Le français, langue du commerce

Avant de recourir à la « police de la langue » qui a parfois mauvaise presse, il serait sage que la ministre mette fin à l'immobilisme face à la loi 101 et demande qu'on ne joue plus sur les mots à sa place.

Le français — la dynamique du déclin


Infatigable militant pour le français, Jean-Paul Perreault a fait sentir sa présence de façon utile en rappelant à Québec son engagement à sensibiliser les marchands de l'Outaouais à l'importance de faire commerce dans la langue de Molière.
Certains s'offusquent parfois de ses manières cavalières, mais M. Perreault a raison de secouer l'inertie à la fois des commerçants insensibles à l'importance de la Charte de la langue française et du gouvernement québécois, qui se traîne les pieds pour faire respecter sa propre loi 101, adoptée en 1977 puis révisée en 1988.
L'Outaouais est une région sensible aux questions linguistiques en raison de son emplacement géographique, à la frontière de l'univers anglophone du reste de l'Amérique du Nord. Les régions de Montréal et de l'Estrie sont aussi ciblées.
Reconnaissant l'importance de la sensibilisation, le gouvernement québécois s'était « engagé » à lancer une campagne auprès de quelque 900 établissements en Outaouais. C'était en novembre 2007, de la bouche même de Christine Saint-Pierre, la ministre de la Culture, des Communications et de la Condition féminine, et responsable de l'Office québécois de la langue française.
Depuis, rien, décrie M. Perreault. Et pourtant, les besoins sont là. De l'avis du président du lobby Impératif français, « il y a recul et recul il y a encore aujourd'hui », a-t-il confié à notre collègue du Droit, Catherine Lamontagne.
Une bien pauvre parade
L'Office québécois de la langue française a défendu l'inertie dans le dossier avec une pauvre parade. « La ministre avait annoncé un projet mais il n'y a pas eu de promesse de sa part »... Comme s'il y avait une différence si marquée de sens entre « engagement » et « promesse ». Pour le commun des mortels, les deux mots sont de virtuels synonymes.
LeDroit a dans le passé suggéré des assouplissements à l'application de la loi dans quelques villages très majoritairement anglophones du Pontiac, par exemple.
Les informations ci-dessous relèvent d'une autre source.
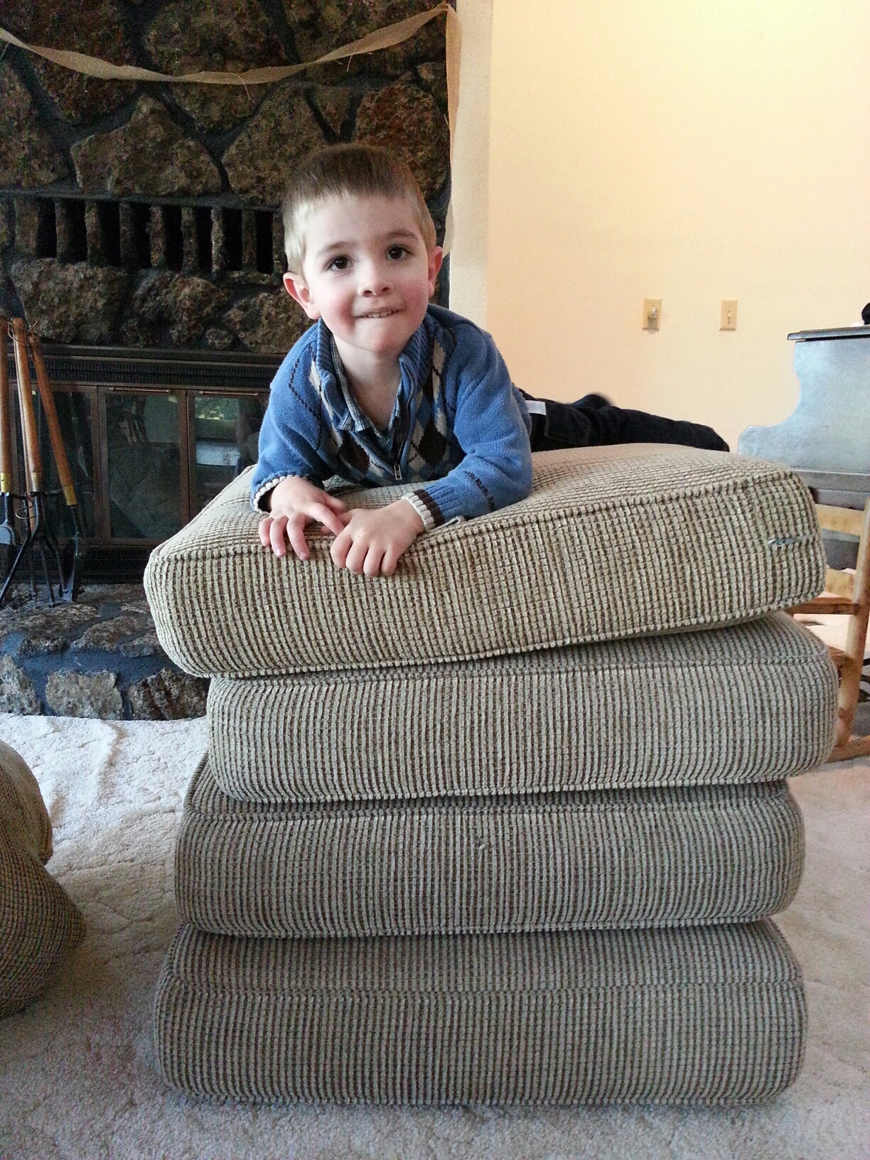 This little man is turning out so much like his Daddy! Not only does he have the same eyes and quiet smile but he already shows a bent towards building things! This is his creation for today and you can’t see it in the picture but behind this stack of cushions is another so he could bounce on that to get on top of the higher stack. Very clever little man I must say! Its going to be so much fun watching him grow into a young man!

D'un côté comme de l'autre, une poignée de commerçants récalcitrants avaient maille à partir avec un Office québécois de la langue française obstiné à faire respecter une réglementation mur à mur.
Au nom d'une souhaitable paix sociale, il valait mieux passer l'éponge ou, à tout le moins, détourner le regard.
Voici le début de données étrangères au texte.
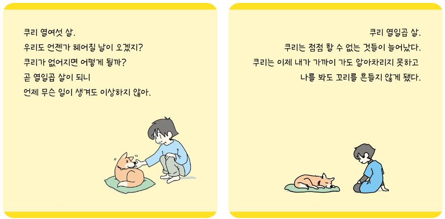 산책도, 짖는 것도, 밥을 먹는 것도 ‘하지 않게 된’ 쿠리. 하지만 여전히 귀엽고, 사랑스럽고, 행복하다는 말에 저는 위로를 받았습니다. 나이 들어가며 하나씩 내려놓게 되는 것들 속에서도, 우리 존재는 그 자체로 존중받고 사랑받아야 하니까요.
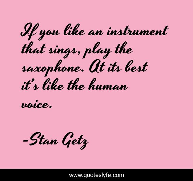 This page presents the quote "If you like an instrument that sings, play the saxophone. At its best it's like the human voice.". Author of this quote is Stan Getz. This quote is about play, voice,.
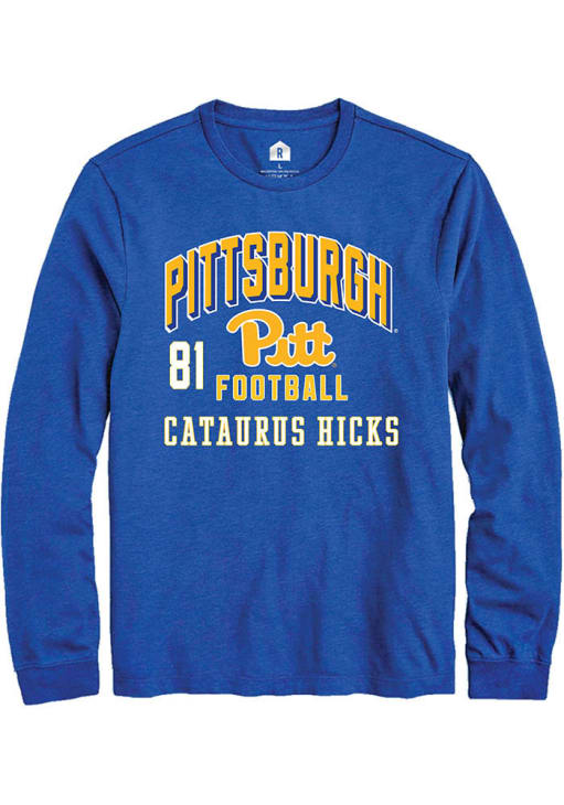 Embrace the spirit of your favorite player in this Pitt Panthers Blue Football NIL Arch Logo Cataurus Hicks Long Sleeve Player Tee! This Player T Shirt features a NIL graphic, so everyone will know you cheer for Panthers, Cataurus Hicks! This is the perfect Panthers Player Tee for game days. Go Panthers!

Mais dans la région urbaine de Gatineau, cet « accommodement raisonnable » est moins compréhensible. Le premier outil de sensibilisation repose entre les mains des clients. C'est le moyen le plus fort, le plus direct et le plus persuasif.
Mais il ne faut pas sous-estimer les bénéfices de la sensibilisation pour faire respecter la loi 101 et éviter les affrontements qui accompagnent trop souvent les méthodes coercitives.
Le défi de la langue
Faire respecter la langue de travail chez les marchands n'est pas chose facile. C'est d'autant plus difficile dans certains secteurs - comme la vente au détail - et dans certaines zones géographiques telles que l'ancienne ville d'Aylmer.
Prenons le cas des dépanneurs, ces magasins de proximité de qui l'on s'attend à d'interminables heures d'ouverture. Plusieurs Canadiens de souche n'ont pas voulu prendre la relève. Plusieurs dépanneurs sont passés aux mains de nouveaux immigrants au français parcellaire qui ne comprennent peut-être pas les enjeux linguistiques au Canada. Il est vrai que vu d'Europe de l'Est, d'Asie ou d'ailleurs, les querelles pour limiter la place de l'anglais peuvent paraître bien étranges...
Étrange peut-être, mais bien utile. La Charte de la langue française fait l'objet d'un très large consensus au Québec. Avoir des lois sans les faire respecter est carrément inutile.
Québec a créé l'Office de la langue française pour faire respecter la Charte de la langue française.
Avant de recourir à la « police de la langue » qui a parfois mauvaise presse, il serait sage que la ministre mette fin à l'immobilisme face à la loi 101 et demande qu'on ne joue plus sur les mots à sa place.